The tall buildings were a bit trickier. He would create a tether to each building in the most out of sight place he could find, tune a hole in the building if needed, and go inside to search it thoroughly. If there were no survivors and no supplies that were immediately needed by the survivors, he'd exit, take the boat to a safe distance, and arrange for the building to slowly collapse.

It had become almost routine to him as the fifth day neared it's close, the sun sinking lower in the afternoon sky. He decided to check one more commercial building, near the banks of where the river would normally be, and as he approached he recognized it as the skeezy hotel he'd woken up in so many months ago, with no memories and the ability to tune. He gave a little smile to himself. It would feel good to be rid of this one.

He anchored the boat and opened a hole in the wall with a simple thought, levitating up to land on the wall. But as he did so, he registered that smell, that decay. A glimpse of rotting flesh, that clicking sound, and he jerks back in alarm as a sharp pain rips through his shoulder, throwing him off balance, back off the building and into the water.

The water closes over his head, and he kicked for the surface, cursing himself for being caught off guard, for having become so complacent. He swam for the boat, eyeing the hole in the building warily, and managed to tune himself into it, dripping and gasping for breath. One of their blades was embedded deep into his shoulder, though as he examined himself, he found that thankfully it hadn't hit anything essential, and he carefully pulled it free, mind stitching up the torn tissue and skin. He'd worry about the blood later.
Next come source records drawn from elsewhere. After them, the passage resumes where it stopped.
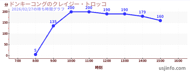 • ドンキーコングのクレイジー・トロッコ$B$N(B2026年02月27日の待ち時間
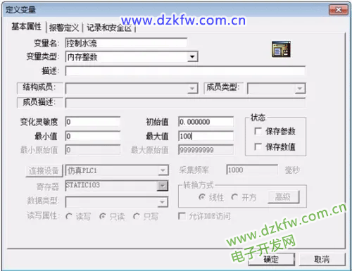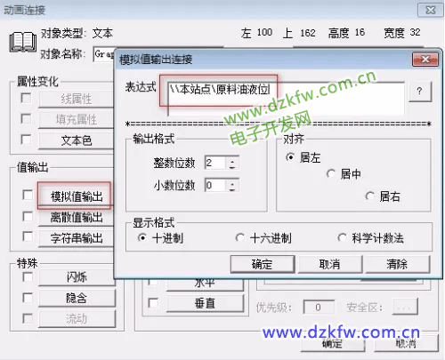 所谓“动画连接”就是建立画面的图素与数据库变量的对应关系。
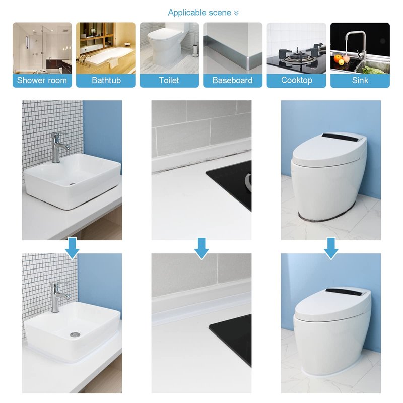 - Self-Adhesive: The bathroom caulk tape with a high performance adhesive can stick to any angle and surface to form a tight seal, you don't need anything to help stick it, it is easy and convenient to use.
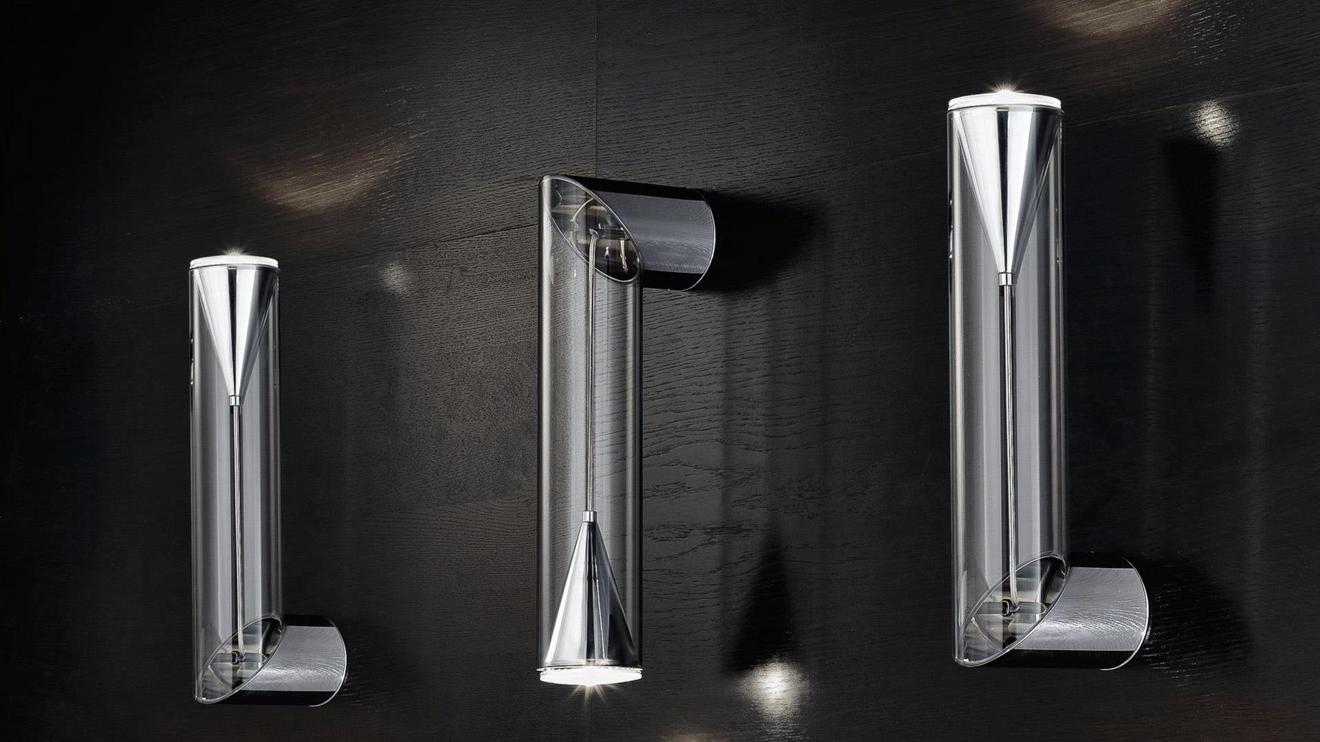 Wall lamp in transparent borosilicate glass with chromed support. LED system
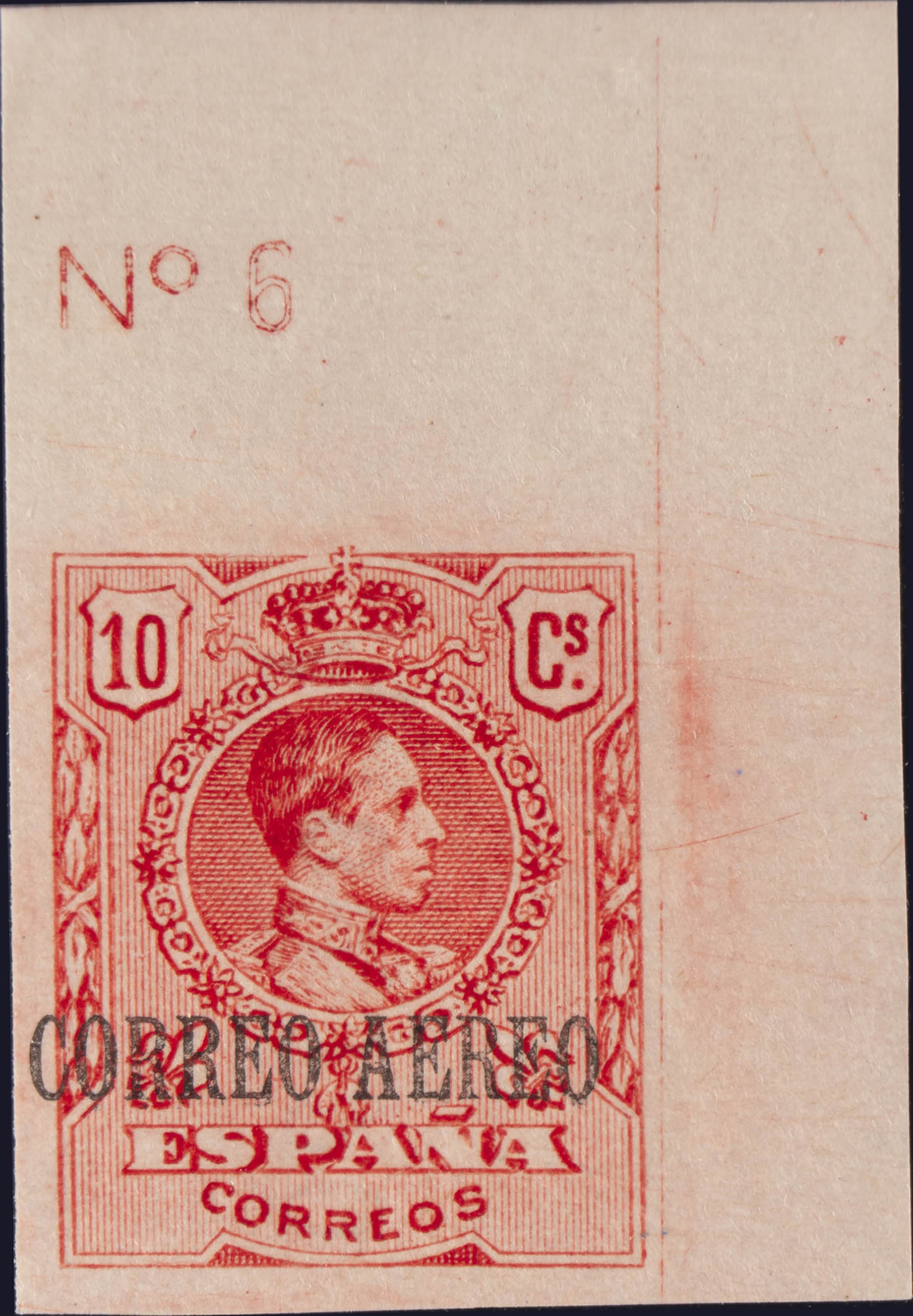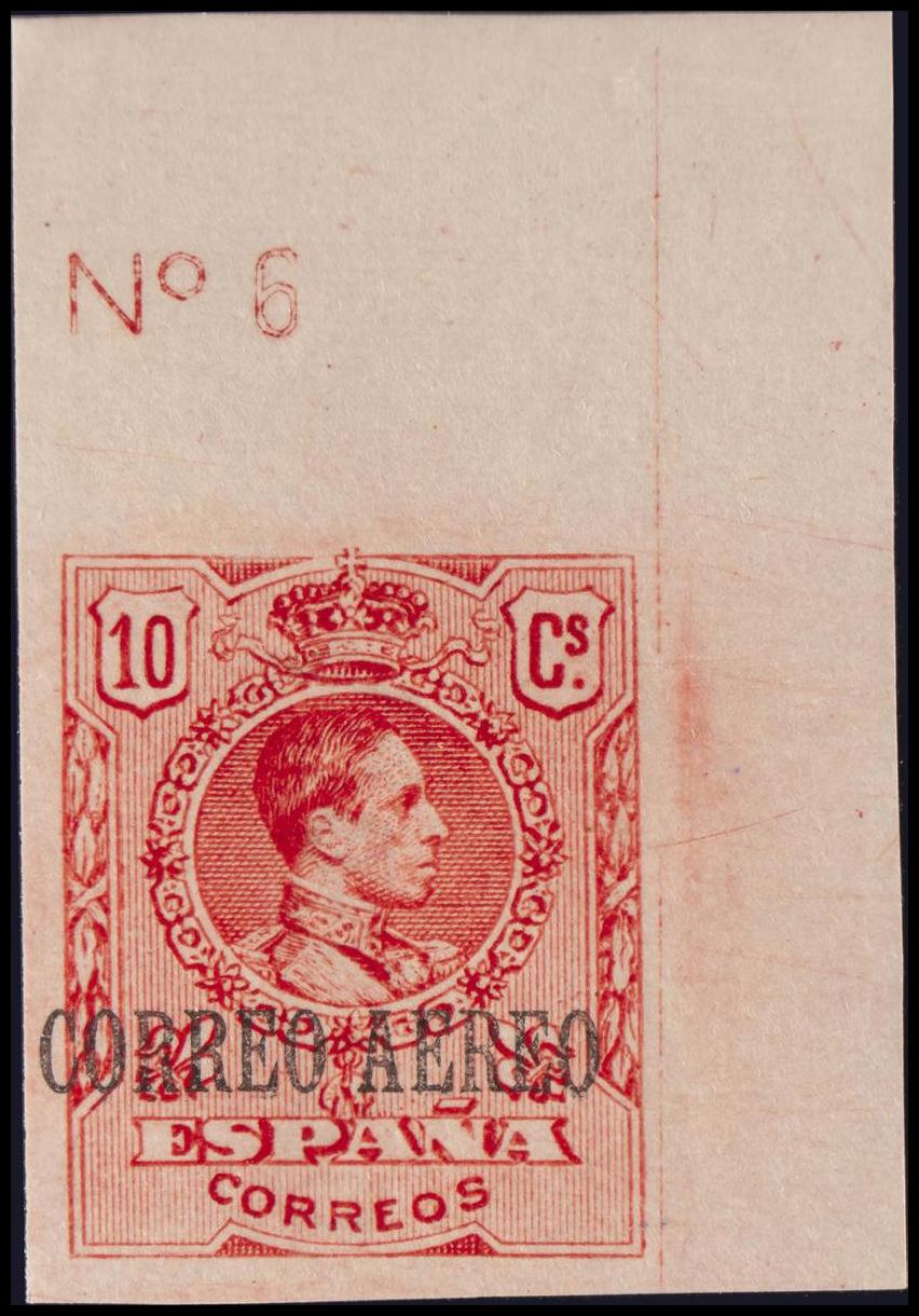 ★ 293s. 1920. 10 cts rojo, esquina de pliego con número. SIN DENTAR. MAGNIFICO. Edifil 2022: +104 Euros

Still watching the hole, he stretched out his awareness to the building, carefully sensing the matter, how it was formed and composed, the space it occupied. And the dark holes of cold that were the Strangers, blips in his awareness that just weren't right, like the fake bodies he'd tuned. Then his mind grabbed the base of the building and pulled, pulled the support for iron and concrete, and it shuddered, crumbling, falling in a rush of rubble and dust, a surge of water that almost capsized him. But his mind held tight to the feeling of them, memorizing it, making sure each icy touch of alien disappeared into the water and slowly ceased to be. With the sensation imprinted on his mind, he had no doubt that clearing out any stragglers in the rest of the city would be simple.

It was done.

He returned to Daniel near sundown, wet and bone weary, trembling a little despite his attempts to stop himself. "I found them." he said softly, as soon as they could get a spare moment away, as Daniel wrapped a blanket around his shoulders. "You were right. They weren't much more than zombies. They surprised me, but they could hardly tune at all, couldn't do much than hurl things at me."

"Are they...."

"Gone? Yes. Finally. Though they caught me off my guard... almost had a knife in my throat."
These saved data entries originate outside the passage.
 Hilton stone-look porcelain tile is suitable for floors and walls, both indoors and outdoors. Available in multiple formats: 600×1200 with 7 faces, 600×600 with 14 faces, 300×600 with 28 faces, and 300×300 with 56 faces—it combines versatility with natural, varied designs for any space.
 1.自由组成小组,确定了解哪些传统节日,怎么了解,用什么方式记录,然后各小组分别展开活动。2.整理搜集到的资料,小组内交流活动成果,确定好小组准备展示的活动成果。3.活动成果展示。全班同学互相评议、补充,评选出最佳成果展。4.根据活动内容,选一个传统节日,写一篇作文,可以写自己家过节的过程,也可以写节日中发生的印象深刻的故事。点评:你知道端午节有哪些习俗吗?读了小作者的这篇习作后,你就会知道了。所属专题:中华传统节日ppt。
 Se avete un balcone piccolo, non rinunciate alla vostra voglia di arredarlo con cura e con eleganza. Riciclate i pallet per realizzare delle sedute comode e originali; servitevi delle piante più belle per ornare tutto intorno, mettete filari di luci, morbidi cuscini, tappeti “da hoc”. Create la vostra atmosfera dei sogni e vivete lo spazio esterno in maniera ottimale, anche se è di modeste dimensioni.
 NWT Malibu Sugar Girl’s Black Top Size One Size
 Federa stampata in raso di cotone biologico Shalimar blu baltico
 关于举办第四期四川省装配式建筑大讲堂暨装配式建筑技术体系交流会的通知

Daniel shuddered, placing a hand gently on his arm, and John wished they could risk more affection in public. "Oh god, John..."
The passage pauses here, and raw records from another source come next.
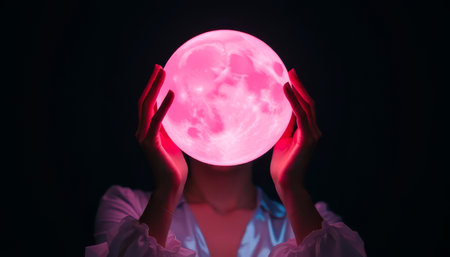 A woman is holding a glowing pink ball in her hands. The ball is shaped like a moon and he is glowing in the dark. The image has a mysterious and ethereal mood
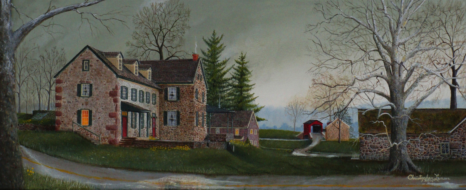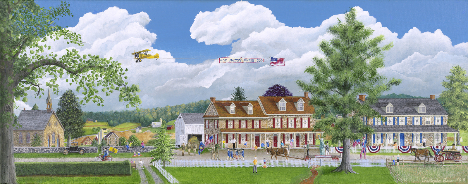 Take a step out of the hectic, confusing world in which we live and travel back to a simpler time... to a place of Community, Family, and Faith. The art of Christopher Lanser is a gentle blending of folkart stylings and realism, giving a soft, nostalgic look at our world. The buildings and communities depicted really exist - and the people and animals - just as nice as you might imagine!
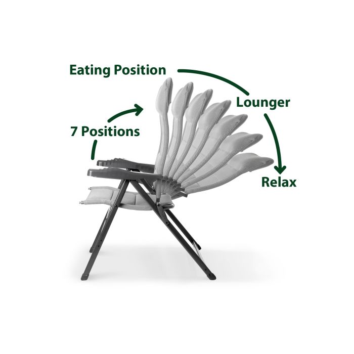 Sodoben zložljiv 4-nožni zunanji stol s 7-stopenjskim nagibnim naslonom.

He smiled. "I'm all right, don't worry. Much better now that they're gone. It needed to be done. I needed to make sure they're all gone, for my own peace of mind. For our safety."

Daniel nodded slowly. "I just wish that you weren't the one that had to do it, John."

John gave him a soft smile. "I know. Lets go home."

They'd thought ahead enough to devote three floors of their building to a bedding store and storage facility, and bedding and mattresses had been moved throughout the building into the empty floors to house refugees. Still, they'd managed to avoid having to open the penthouse, and escaped there now, collapsing into bed in exhaustion, curled in each others arms.